EFFECT: degassing liquids efficiency and reduction in energy costs of the process.

2 cl, 2 dwg

Description

The present invention relates to devices for vacuum or combined thermal and vacuum degassing of liquids, including water, using the centrifugal effect and can be used for water treatment processes in the power system, including deaeration of feed water for steam boilers and make-up water, heating networks, desorption of gases from liquids in the chemical, pharmaceutical, food and other industries.

A known apparatus for degassing liquids, RF patent No. 2476767 (IPC F22D 1/50), comprising a housing with a nozzle for supplying deaerated water, nozzles for removing deaerated water and vapor, and a nozzle of variable cross section attached to the outlet of the nozzle for supplying deaerated water connected to the body of the deaerator and consisting of consecutively located confuser, cylindrical and diffuser sections, characterized in that the superheated water deaerator is additionally equipped with a reflective screen installed in the deaerator body on the path of movement of a nozzle of a variable cross-section emerging from a diffuser section of a stream of boiling deaerated water.

The known apparatus allows to increase the efficiency of deaeration of superheated water by increasing the surface of the emission of gases dissolved in water into the vapor phase due to crushing of the stream into small droplets due to the installation of a reflective screen in the deaerator body along the flow path of boiling deaerated water. However, in the known apparatus, only the kinetic energy of the water jet is used, which, after hitting the reflective screen, is transformed into the surface energy of the droplets. To achieve the required degree of deaeration, the water must be additionally heated in order to increase the partial vapor pressure. This leads to significant energy costs and reduces the overall efficiency of the installation.

A known apparatus for thermal degassing of liquids, RF patent No. 2473009 (IPC F22D 1/50), including a deaeration column mounted on a deaerator tank, equipped with a nozzle for supplying water, and a low-pressure water distribution device - a jet nozzle, characterized in that the deaeration column is made in the form water intake chamber, while the body of the jet nozzle is built into the partition and has an inlet for water, located above the fitting for supplying water to the water intake chamber.

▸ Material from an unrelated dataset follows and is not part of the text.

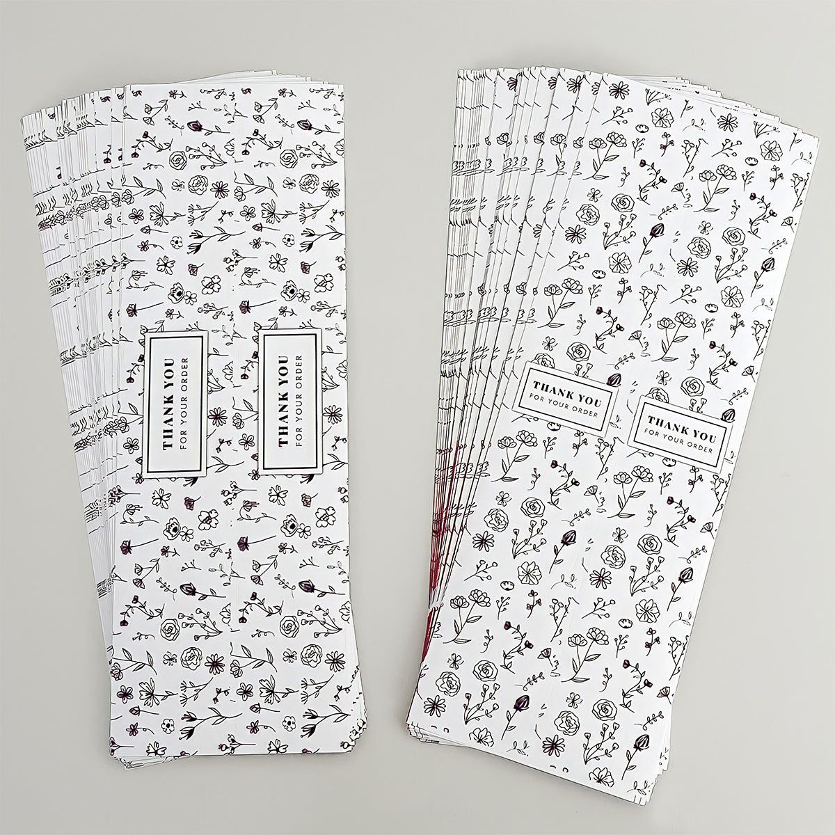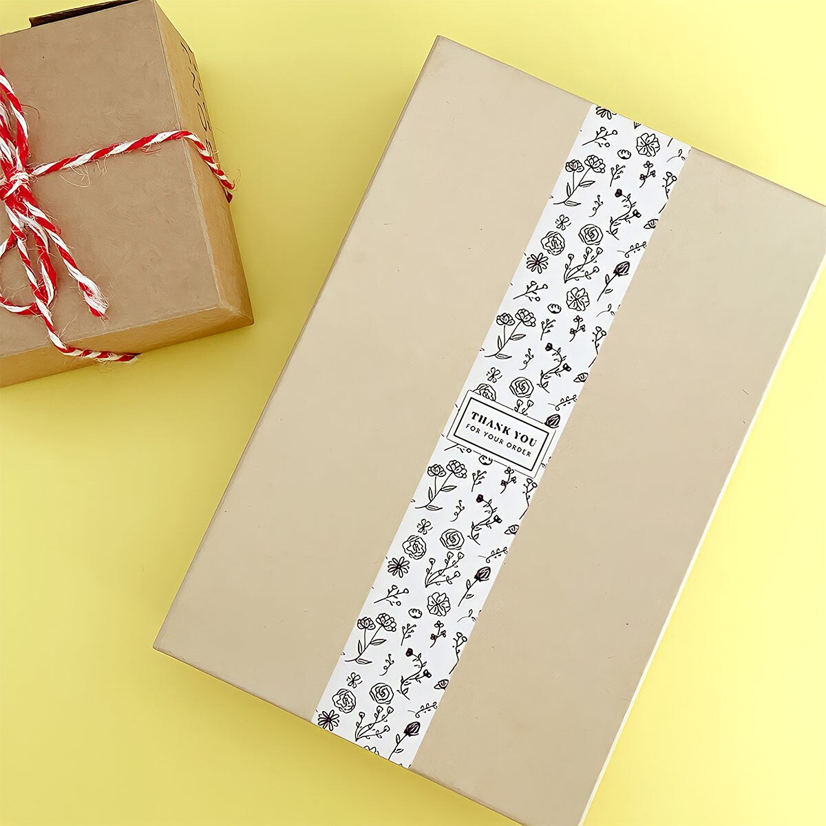 Wrapables 1.56" x 9.88" Rectangular Thank You Sealing Stickers and Labels for Packages, Boxes, Bags, Small Business, Gifts (100pcs), Black & White Floral

The initial flow of water to be deaerated, enters the water distribution device - the jet nozzle of the deaeration column through the nozzle. The jets and drops of water flowing out of the nozzle outlet openings are crushed, breaking up into thinner jets and smaller drops. Then the water enters the deaerator tank, where it goes through the following processing stages. The known invention allows to prevent the ingress of steam from the deaerator into the pipelines for supplying water to the deaerator, to exclude the possibility of the occurrence of water hammer in them, and thereby ensure reliable operation of the water distribution device and the deaerator as a whole under all deaerator operating modes. The disadvantages of the known apparatus include the need for pre-heating water in order to increase the partial vapor pressure and provide a given level of deaeration. The costs of heating water due to its high specific heat are extremely high, which leads to insufficiently high energy efficiency in the degassing process.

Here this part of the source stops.